The World Health Organization said on Thursday that it had resumed shipments of medical supplies to North Korea to help its Covid-19 response, in what appears to signal a relaxation of the closed-border policies enforced by Pyongyang early in the pandemic.

The agency said that its shipments of medical supplies, together with international supplies destined for North Korea, had become stranded in China after Pyongyang sealed the country’s borders in January 2020 when Covid-19 was declared a public health emergency of international concern.

North Korea’s Ministry of Public Health told the agency several months ago that would allow the stranded supplies to be transported through the northern Chinese port of Dalian, a W.H.O. spokesman, Tarik Jasarevic, said in an emailed statement.

As a result, the agency had sent some of the medical supplies and equipment to the North Korean port of Nampo, he said.

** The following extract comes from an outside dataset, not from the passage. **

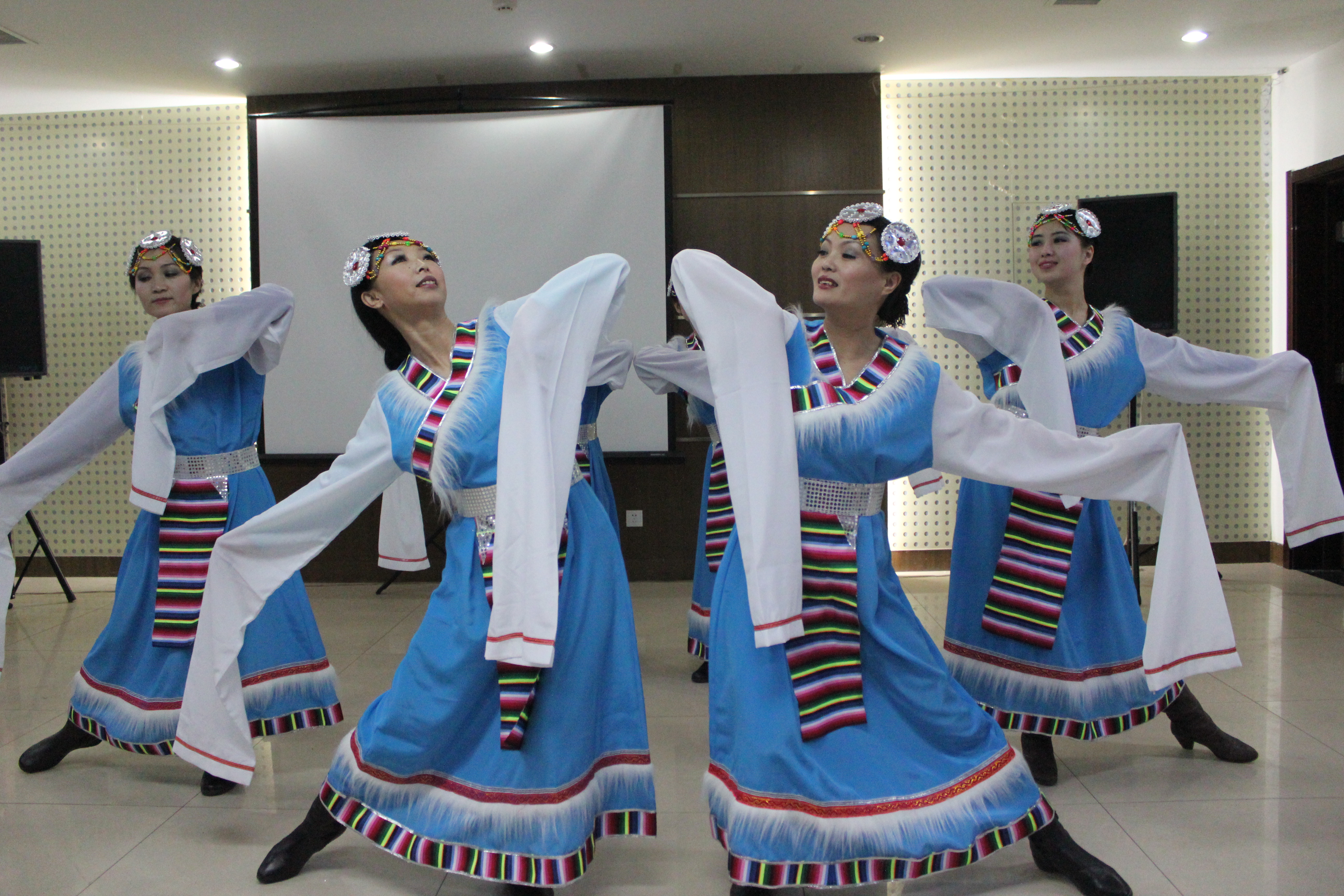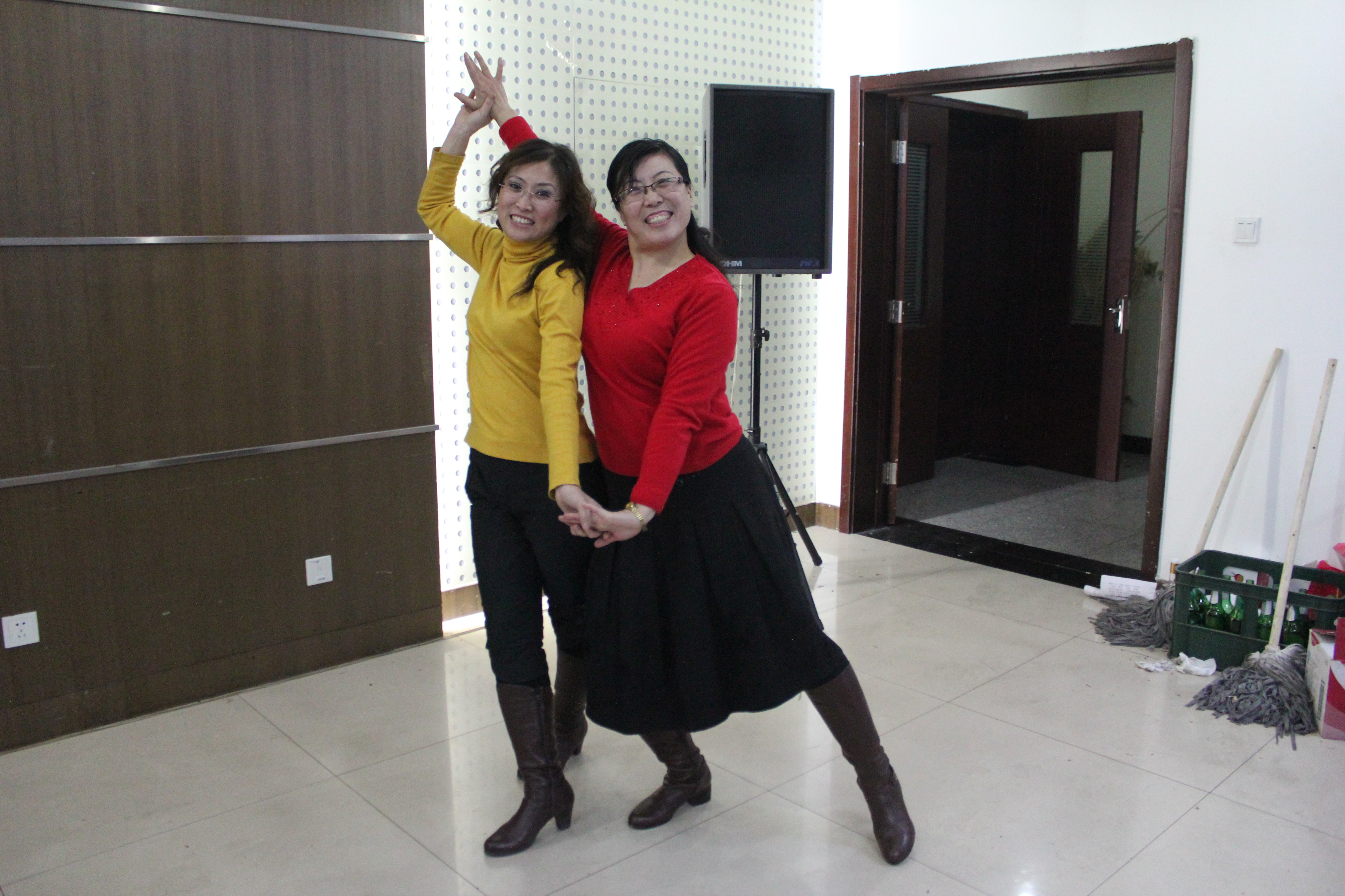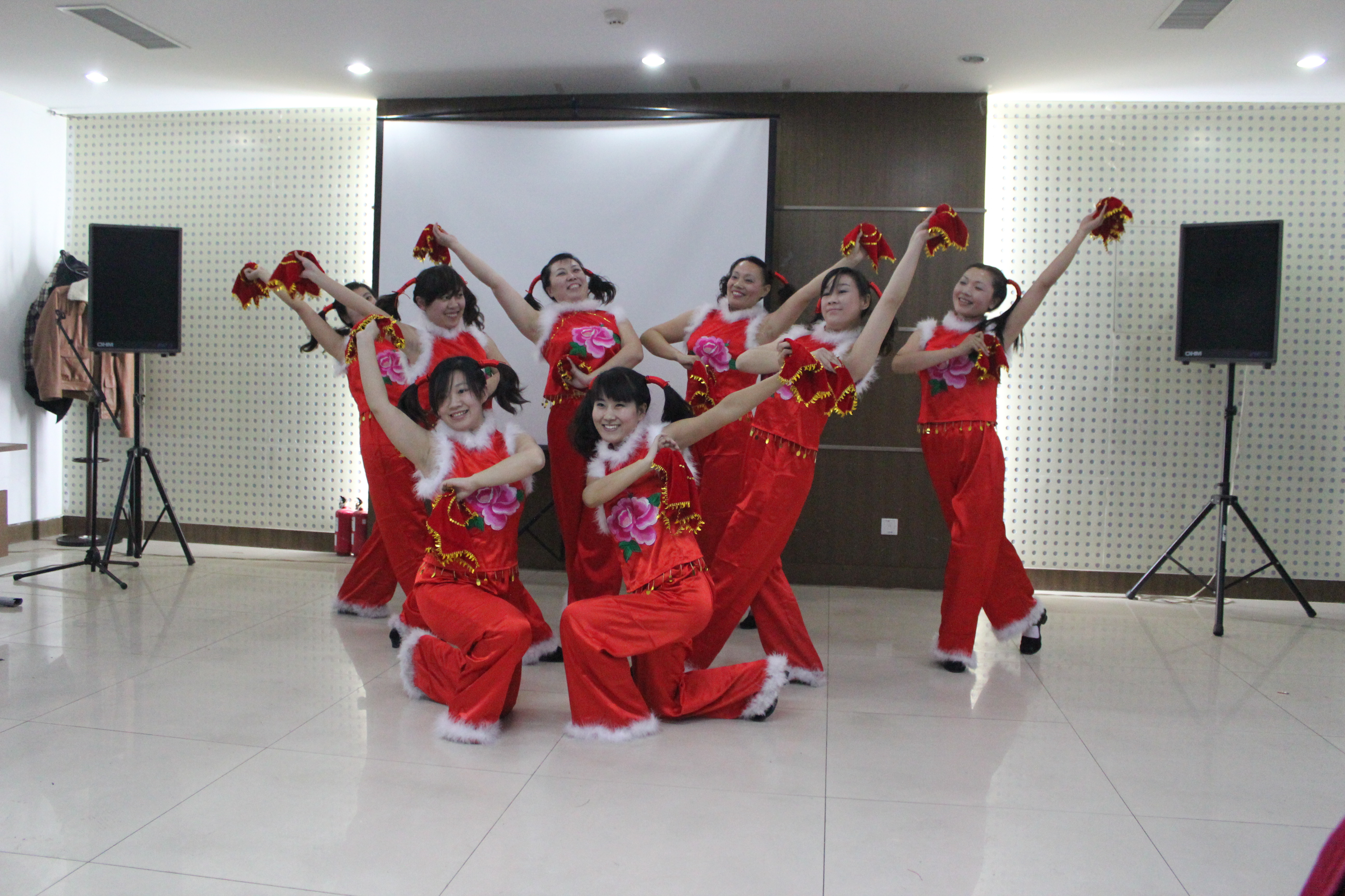 联欢会在院党委书记刘朝晖同志幽默、给力的致辞声中开始。在主持人邵东蕊和孙晓萌铿锵有力的声音引导下,教师们精心准备的节目依次上演:以马晓迎老师为首的应用英语教研室的老师们带领在场的其他老师们做起了第八套广播体操,让大家重温了青春岁月;两个曾经的老兵游建民和吴玉新老师又重新“扛起了革命的枪”;办公室与学工办的老师们联手为大家献上了一出“杨白劳与黄世仁”;以邵院长和崔院长为首的“舞蹈家”们为大家跳了一段精彩火爆的舞蹈-开门红;郭文颖、李爽等几位老师的舞蹈“吉祥谣”在联欢会上吹起了一股藏族风,“谋杀”胶卷无数。本次联欢会精彩纷呈,教师们纷纷上台表演,唱歌跳舞,说拉弹唱,真是丰富多彩,就像刘朝晖书记所说的那样:老师们纷纷一改往日的严肃,真正的做到了“颠覆自我”。

North Korea has not reported any Covid-19 infections, and it turned down several offers of vaccines, including ones from the United Nations-backed Covax facility and from Russia. But North Korea’s leader, Kim Jong-un, said in June that lapses in his country’s anti-pandemic campaign had caused a “great crisis” that threatened “grave consequences,” according to the state media. He did not clarify whether he was referring to an outbreak within the country.

The W.H.O. said its shipments to North Korea included health kits, medicines and other medical supplies that would support essential health services at primary health care centers.

The agency said it had been told that these supplies remained under quarantine in Nampo.